Extension to efficient estimation with debiased machine learning

In the analysis of randomized trials, statistical precision through covariate adjustment can be maximized using the debiased machine learning (DML) approach with cross-fitting.¹¹ For example, Wang et al.¹² have developed the DML approach for the analysis of cluster randomized trials with the additional complication of within-cluster subsampling. Compared to traditional regression methods, DML has been proven to achieve semiparametric efficiency in randomized trials with simple randomization. The procedure is as follows. First, we randomly partition the data into $K$ folds of approximately equal size. Next, for each fold $k = 1, \dots, K$ , we use the other $K - 1$ fold to train a machine learning algorithm for $E [Y ∣ A, X]$ , which we denote as ${\hat{η}}^{(k)} (A, X)$ . Then, we compute ${\hat{η}}^{(k)} (A, X)$ for individuals in the $k$ the fold. Going through all $K$ folds, we can obtain the machine learning prediction for each individual $i = 1, \dots, n$ , which we denote as $\hat{η} (A_{i}, X_{i})$ . Finally, the DML estimator for the average treatment effect is constructed based on the efficient influence function as

{\hat{Δ}}^{d m l} = \frac{1}{n} \sum_{i = 1}^{n} [\frac{A_{i} - π}{π (1 - π)} \{Y_{i} - \hat{η} (A_{i}, X_{i})\} + \hat{η} (1, X_{i}) - \hat{η} (0, X_{i})] .

(1)

For deriving the asymptotic results of this estimator, we assume ${\hat{η}}^{(b)} (A, X)$ is consistent in $L_{2}$ norm, which can be achieved by many existing machine learning methods, including random forests,²⁵ deep neural network,²⁶ and highly adaptive lasso.²⁷ When stratified covariate-constrained randomization is used, the above sample splitting needs to be stratified based on randomization strata to preserve treatment balance; the detailed procedure is described in Rafi²⁸ and Wang and Li.¹³

Under covariate-constrained randomization or stratified covariate-constrained randomization, we can show that ${\hat{Δ}}^{d m l}$ is consistent, asymptotically normal, and as efficient as under simple randomization. This property holds regardless of the values of $t$ or choices of $X^{r}$ , provided that $X^{r}$ is included in the machine learning algorithms as predictors. Thus, inference can proceed as if the trial used simple randomization, and statistical precision remains optimal with regard to the semiparametric variance lower bound. The detailed presentation of this result can be found in Section 6 of Wang et al.¹³ An important implication of this result is that it justifies the use of flexible, data-adaptive covariate adjustment methods under (stratified) covariate-constrained randomization, and offers a recipe for valid statistical inference as long as $E [Y | A, X]$ is consistently estimated via machine learning methods.

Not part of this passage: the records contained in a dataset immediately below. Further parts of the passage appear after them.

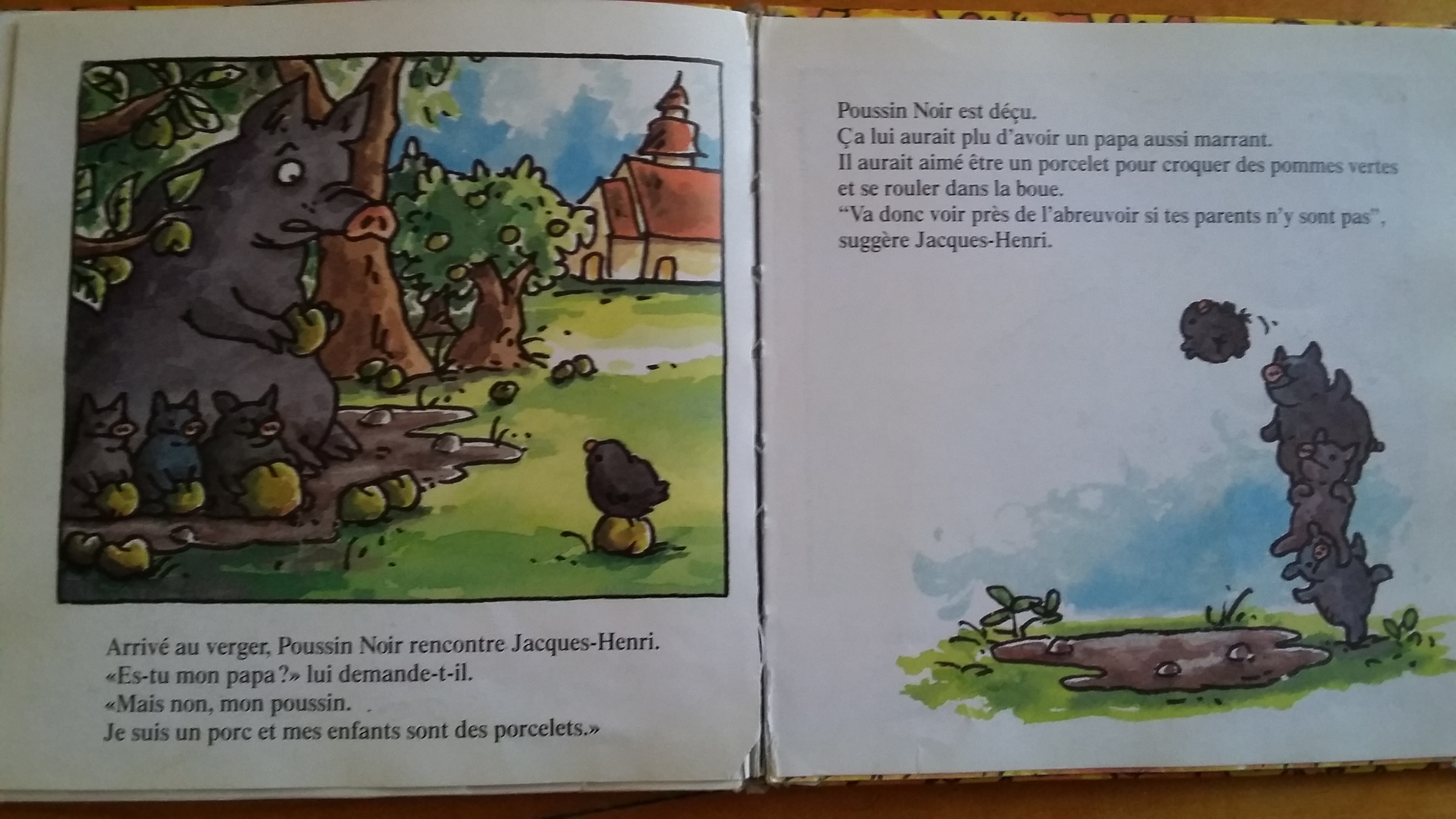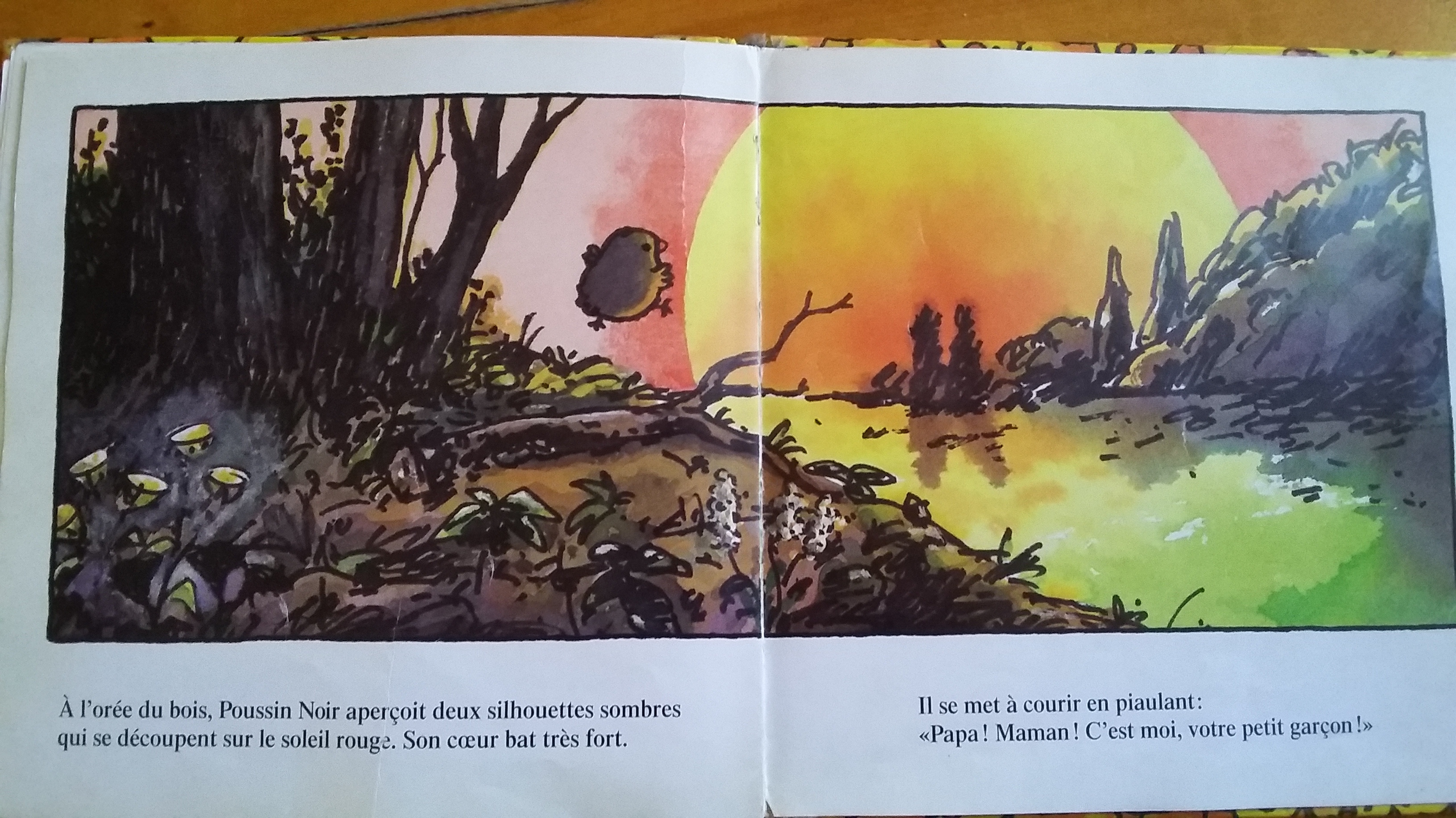 Poussin noir, c’est l’histoire d’un petit poussin différent, né noir alors que tous les autres sont jaunes. Convaincu qu’il n’appartient pas à sa famille, il part à la recherche de ses vrais parents, en demandant à tous les animaux noirs qu’il croise s’ils le sont. Plus que surprenante, la fin est choquante!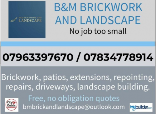 B&M Brickwork and Landscape have undertaken multiple jobs including, but not limited to; extensions, brickwork, repointing, driveways (paved and loose surface), groundwork, foundations, landscaping and retaining walls.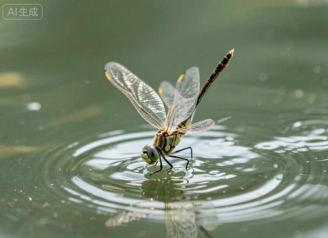 蜻蜓喜欢在水面上飞行,有时会用尾部轻触水面,这个动作就是我们常说的“蜻蜓点水”。其实这是雌蜻蜓在产卵,雌蜻蜓通常会选择在水中或水草上产卵来繁殖后代,这些卵孵化后就会变成幼虫,我们叫它水虿(chài)。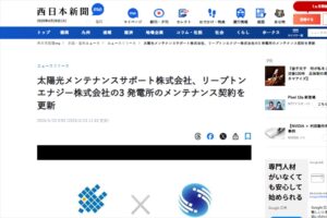 - エンバイロメント・プロダクト・カンパニー株式会社の低圧発電所42サイトの保守業務委託契約を受託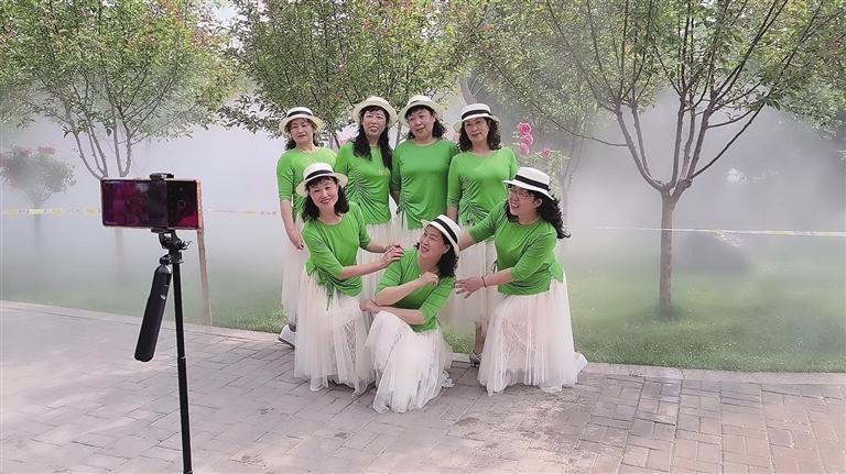 上午9時30分,水池中漸漸漫出淡淡的煙霧,時而稀薄,時而濃厚,隨著陣陣微風(fēng)飄蕩在小橋流水間。“準(zhǔn)備放音樂,我在原地來回轉(zhuǎn),你用手機豎屏拍。”……記者穿梭于人群間,這樣的聲音不絕于耳。“姐妹花”龔大姐和田大姐身穿正裝,各自圍上了顏色艷麗的圍巾,正站在鏡頭前直播。“這里非常美,像仙境一樣。綠化也做得特別好,公園里的綠植和鮮花種類繁多,很好看。我們是第一次來,希望蘭州多打造一些這樣的美景。”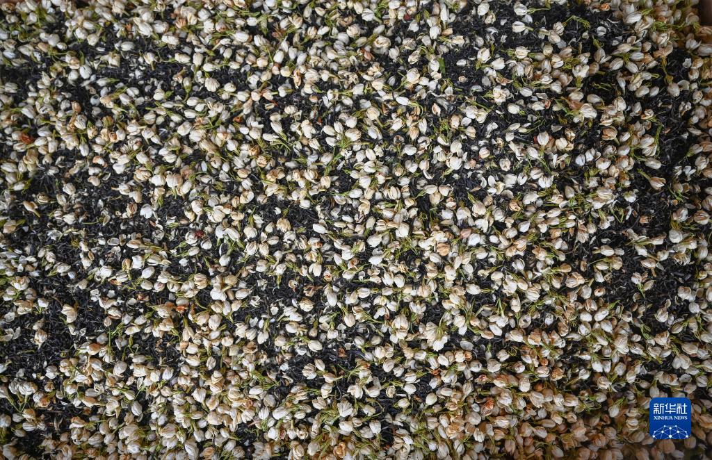 这是12月16日在福州茉莉花茶制茶工坊拍摄的静置等待重复窨次的茉莉花茶。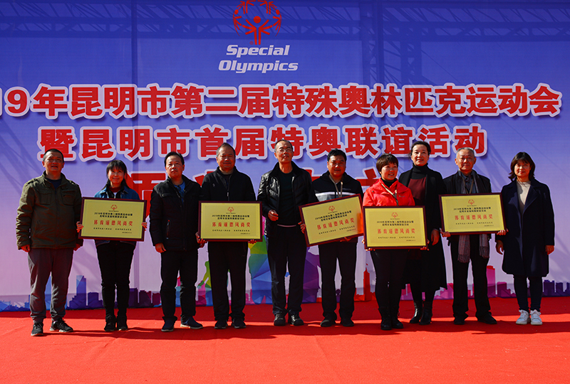 运动员代表、裁判员代表分别宣誓;特奥运动组委会向诸侯快讯ok1122登录入口学前与特殊教育学院、体育学院、医学院和云南美丽康发展有限公司赠予锦旗;组委会授予盘龙区培智学校、五华区新萌学校、官渡区培智学校、宜良县特殊教育学校、寻甸县特殊教育学校优秀组织奖称号。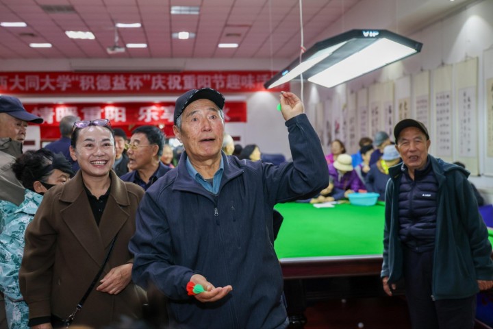 活动现场精心设置了投乒乓球、飞镖、套圈等多个兼具趣味性与参与性的互动项目,吸引了众多老同志踊跃参与,整场活动洋溢着温馨热闹的氛围。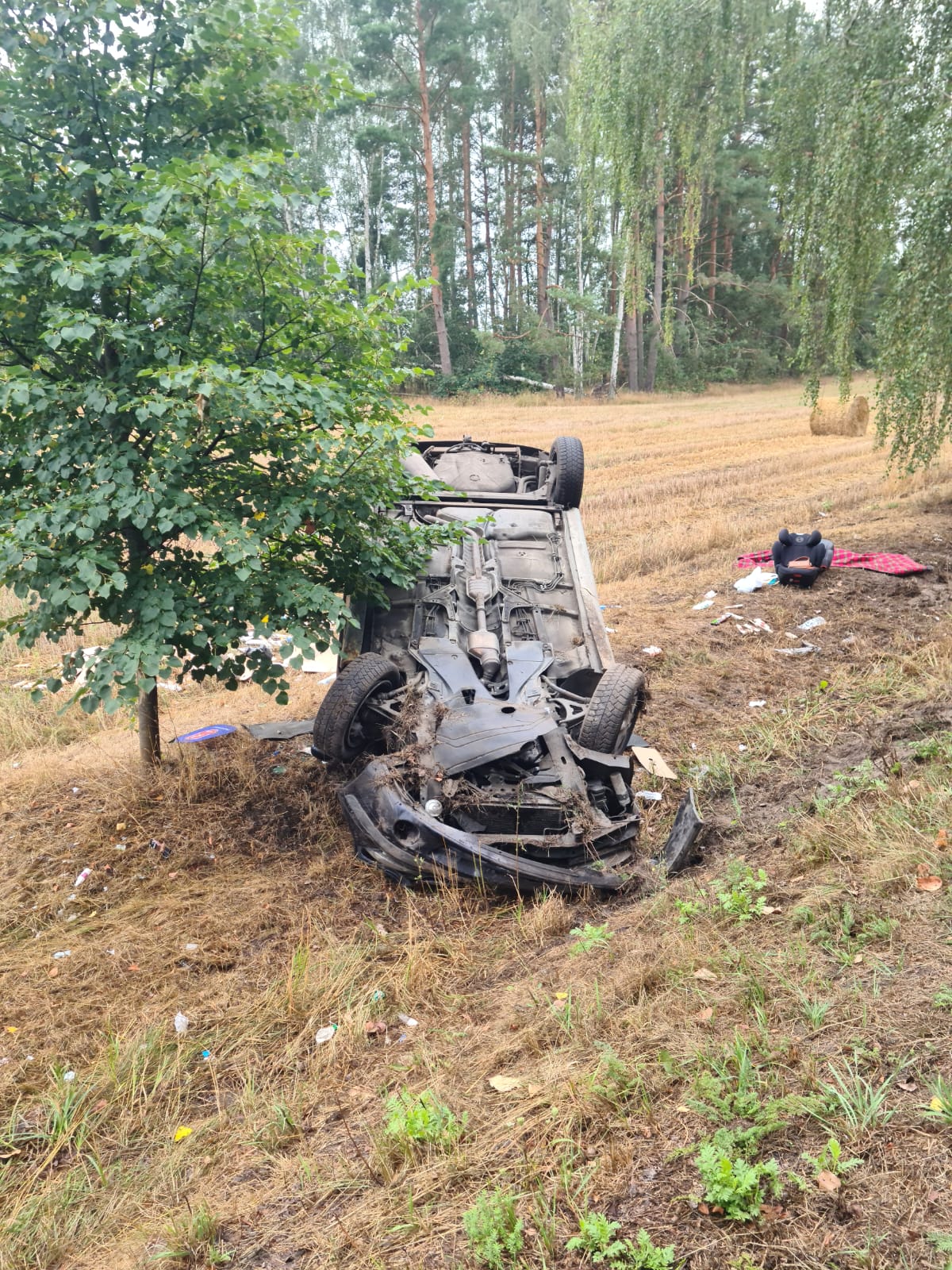 W dniu 20 sierpnia 2022r. o godz 11:32 do Stanowiska Kierowania Komendanta Powiatowego w Żarach wpłynęło zgłoszenie z Wojewódzkiego Centrum Powiadamiania Ratunkowego o dachowaniu samochodu osobowego marki Renault Scenic na drodze wojewódzkiej nr 287 przed miejscowością Górzyn. Ze zgłoszenia wynikało, że samochodem podróżowały dwie osoby i po dachowaniu opuściły pojazd o własnych siłach. Na miejsce zdarzenia natychmiast zadysponowano zastępy z JRG Lubsko i OSP Górzyn. Działania zastępów polegały na zabezpieczeniu miejsca zdarzenia, udzieleniu kwalifikowanej pierwszej pomocy poszkodowanym do czasu przybycia Zespołu Ratownictwa Medycznego i odłączeniu przewodów akumulatora w pojeździe.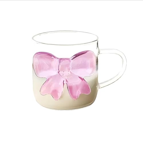 Generic - مج زجاج أنيق مقاوم للحرارة وبتصميم مقبض على شكل فيونكة، مناسب لحفلات الزفاف وعروض الزواج واحتفالات الذكرى، مقاس 400 مل، لون وردي شفاف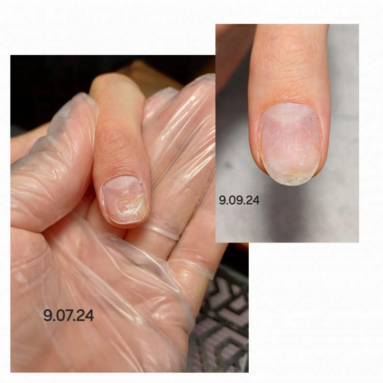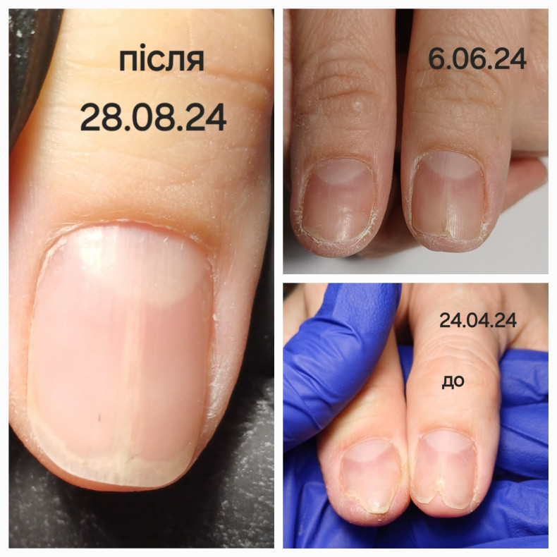 Грибок нігтів (оніхомікоз) може з’явитися після відвідування лазні, басейну або пляжу, якщо не використовувалися капці. На захворювання вказує розшарування нігтьової пластини, ніготь втрачає блиск і змінює колір, стає товщим. Інфекцію потрібно лікувати якнайшвидше, щоб вона не поширилася на інші нігті. Подолог може виконати забір матеріалу на аналіз, обробити нестабільні ділянки нігтя, виконати протезування нігтьової пластини, щоб відновити естетичний вигляд нігтя.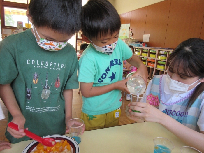 年長さんは、大きなペットボトルから自分のコップにサイダーを注ぐことにチャレンジしました!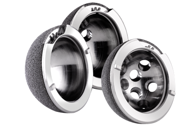 The Trabecular Metal Modular Acetabular System is a modular acetabular cup system consisting of a shell with a pre-assembled locking ring, a liner, and optional screws. The shell implants are used to replace the hip socket during total hip arthroplasty.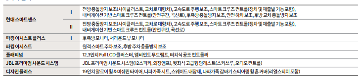 이중접합 차음 유리(앞면, 앞도어), 아웃사이드 미러(퍼들램프, 열선, 전동조절, 전동접이,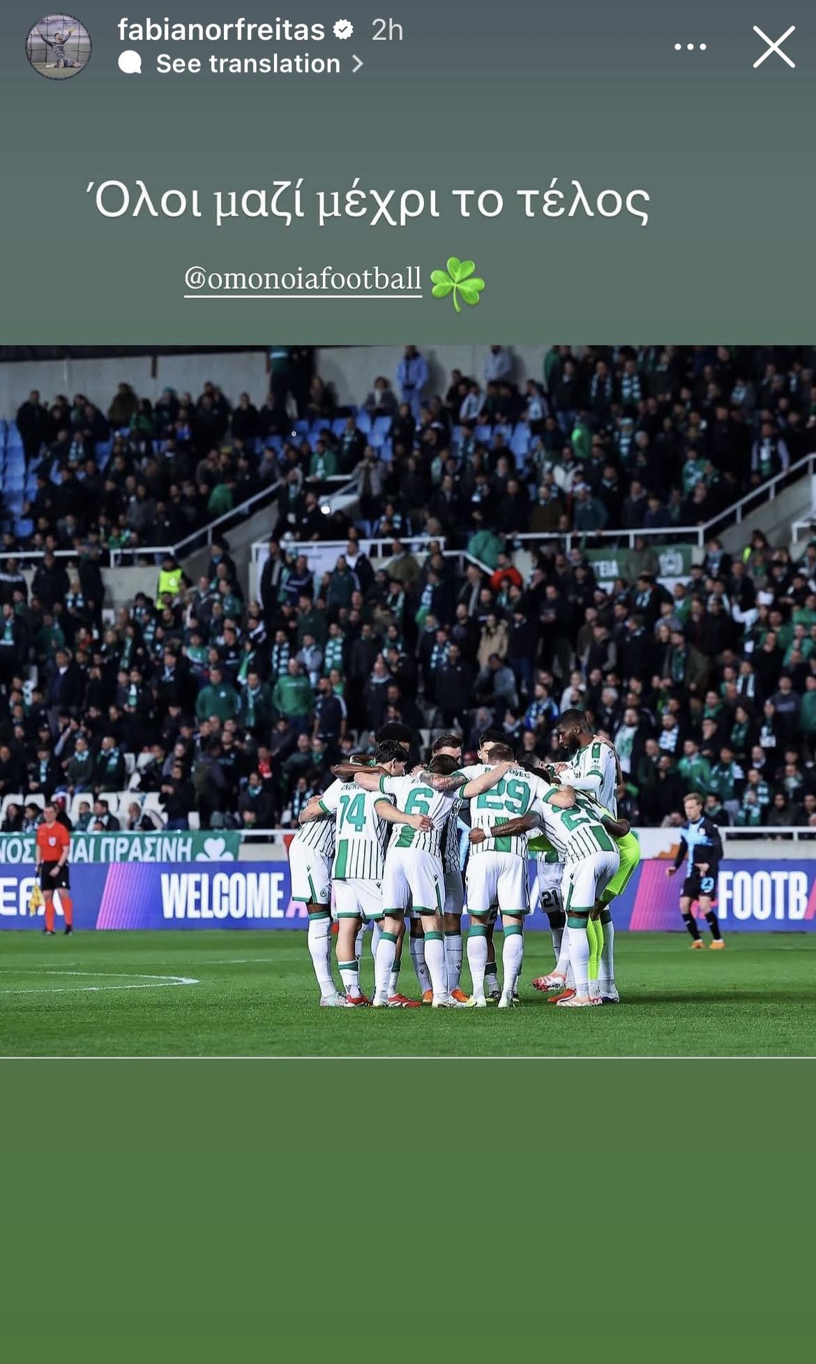 Μετά την ήττα από τον ΑΠΟΕΛ (1-0) στο πρωτάθλημα και τον αποκλεισμό από το Κόνφερενς Λιγκ από τη Ριέκα (3-1) κι εν όψει του ντέρμπι κορυφής με τον Απόλλωνα στο ΓΣΠ την ερχόμενη Δευτέρα (2.3) ο Φαμπιάνο έστειλε το δικό του μήνυμα!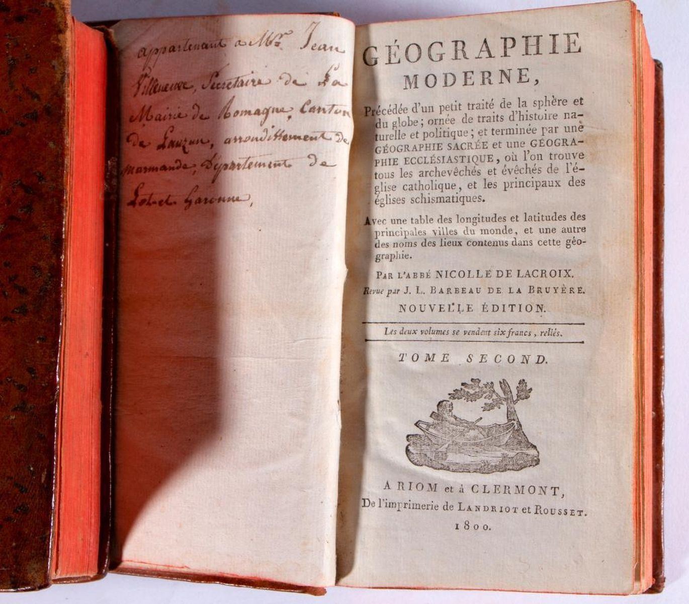 Title: Geographie Moderne Author: Par L'Abbe Nicolle de Lacroix Published: A Riom et a Clermont, 1800 Description: Hardcover. Leather bound. Two volumes. French edition. Condition: Good condition. Some worm holes.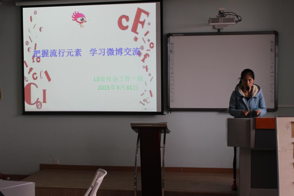 为了丰富同学们的课余生活,促进微传播交流。4月2日下午3时20分,政法系14级社会工作二班在A-01社工实验室举办了“把握流行元素 学习微博交流”主题教育活动,此次活动由社工二班团支书程秀萍主持。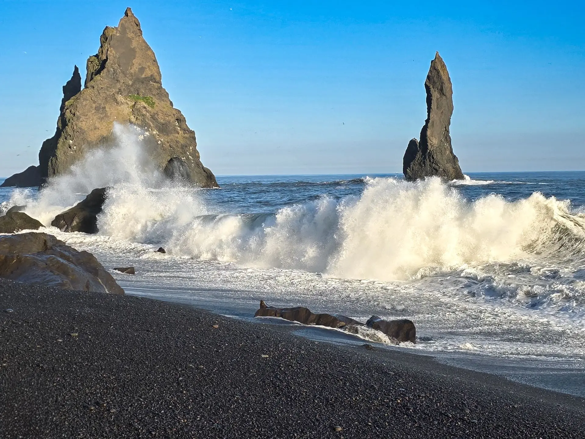 Ten dzień spędzimy w rejonie Vik i Myrdal - jednej z najbardziej znanych wiosek na południu. Zaczniemy od wizyty na słynnej czarnej plaży Reynisfjara, gdzie ciemny piasek kontrastuje z białą pianą fal Atlantyku.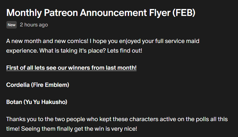 Anyone else on the patreon, because I'm extremely confused by the two "winners" of the polls. There were two polls, yet both winners were from one, and neither had more votes than Ann from Persona 5 on that poll. The other poll was a tie between Invisigal and Aqua, so... is SDC just lying and hoping no one notices or am I missing something?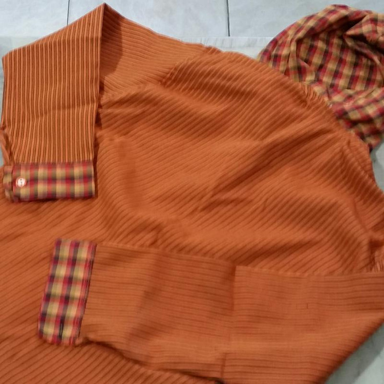 . سایز 60 ( فاصله بین زیر بغل ها 35 تا 36 سانت و فاصله مستقیم بین شانه ها 33 سانت و قد پیراهن 51 سانت و قد آستین 40.5 تا 41 سانت و عرض شکم 33 سانت ).

Illustrate analysis of the GroupPMPlus trial

We demonstrate the theoretical findings by reanalyzing the GroupPMPlus cluster randomized trial. Here, we implemented the unadjusted, ANCOVA, and DML estimators at the cluster level. Specifically, we first take cluster averages of the outcomes and covariates and then conduct the analysis using these cluster-level data. The ANCOVA estimator is defined as in Example 1, and the unadjusted estimator is defined as ANCOVA without covariates. The DML estimator is defined in equation (1), and we use an ensemble learner of generalized linear models, regression trees, and neural networks to construct $\hat{η} (A_{i}, X_{i})$ . We also fit the mixed-ANCOVA estimator of Example 2 using individual-level data. Baseline covariates included the baseline GHQ-12 score and all variables used in stratified covariate-constrained randomization.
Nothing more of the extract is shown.